Голова у него опять начала нестерпимо болеть, но он старался не подавать виду.

— Я еще зайду к тебе. Поболтаем еще, Васька!

И, не прощаясь, вышел на воздух. Все мысли про тренировки сдуло напрочь. Не до них нынче.

«И что мне делать теперь? — спросил Дурной сам себя. — К Ивашке идти? Доораться, достучаться? Так ему не это потребно. Ему нужно, чтобы Дурной Вещун придумки придумывал, как его княжество еще круче сделать. Ему не надо, чтобы я на ошибки указывал. Рогом упрется, злиться начнет. Наверное, даже решит, что я против него злоумышляю, козни строю».

И что делать-то? Смириться и стать игрушкой в его руках? Выуживать какие-нибудь полезные знания из своего прошлого и ихнего будущего — да помаленьку прогрессорствовать? Уныло. А еще ужаснее — смотреть, во что дальше превращается его Темноводье.

Какой-то тупик.

Ни к какому Ивашке Дурной не пошел, вернулся в свою каморку — и как на духу вывали всё Хун Бяо. Долго, взахлеб делился рассказами из прошлого, как тыкался в первые годы, как потом начал строить Темноводье… И во что оно теперь превратилось.

— И вот что мне делать? У Ивашки власть, и у Ивашки свои планы…

— Я тебе уже говорил, Ялишанда: Дао не волнуют чьи-то там планы. Ни Ивашки, ни даже твои. Ты веришь, что ты прав. И, если это так, то это твой Путь. Он уже прочерчен и проложен. Надо лишь верно жить, верно думать, чтобы встать на него. Ищи, друг! Если ты уверен — просто ищи.

«Офигенно! — зло промолчал Дурной. — Потрясающая лекция! А делать-то что…».

— Давай дышать, Ялишанда, — улыбнулся щуплый даос. — Ты здесь совсем плох стал.

И китаец был прав. Как ясно стало, что Чакилган Дурной потерял безвозвратно, так не то что гимнастику даосскую, он и обычные тренировки забросил. Так что покорно встал вслед за бывшим надзирателем и принялся неуклюже шагать, водить по воздуху руками, соблюдая ритм дыхания. Хотя, забыться не удавалось: слишком всколыхнули беглеца Васькины слова. Слишком много боли принял. И самое обидное — не мог найти решение…

Руки замерли в воздухе. Бяо недовольно покосился на непутевого ученика, но свои упражнения не прервал.

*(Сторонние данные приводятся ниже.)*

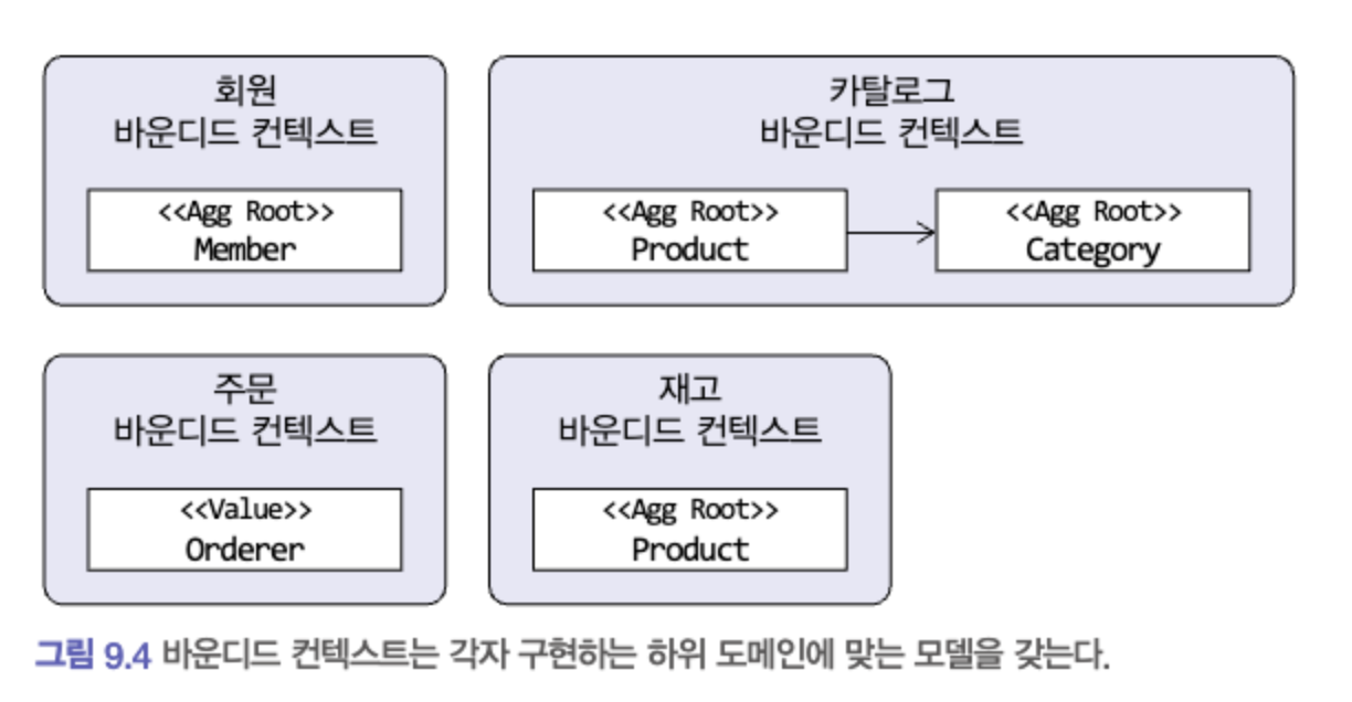 - 바운디드 컨텍스트는 도메인 모델을 구분하는 경계가 되므로 바운디드 컨텍스트는 구현하는 하위 도메인에 알맞은 모델을 포함한다

— Извини, друг! — Дурной сел на пол и принялся споро обуваться. — Я потом додышу!

И выскочил из горницы. К Никифору! Он умный, он всё поймет! И донесет до Ивашки так, как непутевому бывшему атаману никогда не удастся!

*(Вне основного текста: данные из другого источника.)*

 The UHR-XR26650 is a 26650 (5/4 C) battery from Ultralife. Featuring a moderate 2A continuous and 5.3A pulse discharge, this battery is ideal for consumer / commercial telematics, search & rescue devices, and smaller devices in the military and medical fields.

Черниговский жил в отдельной избе, подчеркивавшей его немалый статус. Хотя, избёнка была совсем небольшой — есаул жил там один. Вся семья его оставалась в Сибири. Дурной за десяток шагов до избы перешел на шаг, чтобы отдышаться, и постучал в дверь.

Тишина.

Он колотил с перерывами минут десять — без толку. Заподозрив неладное, беглец из будущего дернул дверь на себя и вошел внутрь. Уже в сенях нос резанул до боли знакомый аромат перегара и пота. На широкой лавке, укрытой медвежьей шкурой, развалился полусидя Никифор Черниговский — пьяный в хлам. Всклокоченный, весь оплывший, красномордый. Дурной поразился тому, насколько литвин уже стар — раньше это не бросалось в глаза.

Страшное ощущение неловкости наполнило бывшего атамана: словно, нечаянно подсмотрел что-то личное и стыдное. Захотелось даже уйти, но Никифор услышал шум, разлепил опухшие, красные глаза.

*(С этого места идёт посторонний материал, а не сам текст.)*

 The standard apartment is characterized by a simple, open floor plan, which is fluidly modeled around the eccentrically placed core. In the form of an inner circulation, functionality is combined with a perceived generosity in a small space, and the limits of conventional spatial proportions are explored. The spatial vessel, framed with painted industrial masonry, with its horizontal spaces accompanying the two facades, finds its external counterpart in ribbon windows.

— Федюшка? — сиплым голосом спросил он.

Лицо растеклось в расползшейся пьяной улыбке истинного счастья. А из глаз сплошной жижей потекли слезы.

— Феденька!

— Это я. Сашко, — смущенно остановил его Дурной, вспомнив, что Федором звали старшего сына Черниговского.

Есаул неряшливо утер лицо рукавом, прищурился и узнал своего нового приятеля.

— А! И верно Сашко, — натужно улыбнулся он и чуток выровнялся на лавке. — Заходь-ко, друже! Седай! Чтой-то ты невесел, Сашко. Нешто по лЮбой своей кручинишься, по Челганке?

Дурной дернулся и замер. От пьяной прямоты Никифора и… и от стыда. Конечно, тоска из сердца никуда не уходила, но сейчас-то! Сейчас он будто и забыл о своей… «лЮбой». Такое сочное слово. Намного сильнее, чем «любимая» из его XX века. А он задвинул свою лЮбую куда подальше, озаботился делами темноводскими… Весьма гнилыми и паскудными.

— А я вот тоже, дружочек мой, — Черниговский виновато обвел руками пьяный разгром в светёлке. — Тоже закручинился. Оносьица, жонка моя пред Богом, да все сынки мои — оне ж в тюрьмах сидят. Как порешили мы паскуду-Обухова, как в бега вдарились, так ихв чепи и заковаша. Не приняла краля моя, Оносьюшка, душегубства моёва, не простила — и за мной не пошла. От того и претерпевають они ноне… А я тут…

Снова опухшее лицо есаула заблестело от слез.